The “revival” period is covered in the concluding sixty pages of The Jews of Harlem. This is the least satisfying part of the book because the presence of Jews in Harlem during the last eighty-five years has been sporadic and sparse. Thus Gurock devotes three pages to Al Jolson, who grew up in Washington, D.C. and whose only relationship to Harlem was as an entertainer. The Great Depression is barely discussed, and there is no mention at all of World War II, despite its important social impact.

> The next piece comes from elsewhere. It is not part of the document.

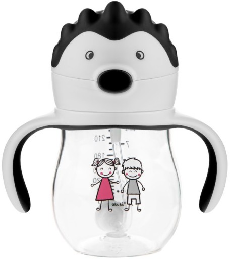 Bidon z silikonową słomką zakończoną odważnikiem umożliwia picie pod każdym kątem. Wykonany z nowoczesnego tworzywa – TRITANU, całkowicie wolny od bisfenolu A (0% BPA). Technologia ta powoduje, że bidon się nie rysuje i nie przebarwia. Jest bardzo odporny na uszkodzenia, a wyglądem przypomina szkło. Dziecko pije do ostatniej kropelki. Twój maluszek może pić przechylając kubek nawet do góry nogami. Niezastąpiony w domu i w podróży. Szczelne zamknięcie zapobiega wylewaniu się picia i chroni słomkę przed zabrudzeniem. Wygodne otwieranie poprzez naciśnięcie guziczka. Transparentność i wyraźna podziałka pozwala na kontrolowanie ilość płynu. Kubek można myć w zmywarce na górnej półce (ale bez słomki). Pojemność 250 ml

Gurock believes approximately seven thousand Jews now reside in Harlem, largely in the same areas where the more affluent Jews lived a century ago. In a recent interview Gurock was asked to predict the future of Jews in Harlem. While Jews have returned to Harlem, he noted, “Judaism as a religion has been slow to come back to a community that once had hundreds of synagogues and educational and cultural institutions.” The young “gentrifiers” of Harlem, by and large, exhibit little interest in Judaism. Nevertheless, there are signs of a Jewish religious and cultural revival in Harlem with the establishment of the Harlem Minyan (2012), the Harlem Hebrew Language Academy Charter School (2013), and the Harlem Jewish Community Center (2016). “It’s only the beginning,” Gurock said. “Let’s see what happens.” The move of middle-class blacks and whites, including Jews, into Harlem and the displacement of poor blacks reminds us that New York City, and Harlem in particular, “is ultimately a work in progress.”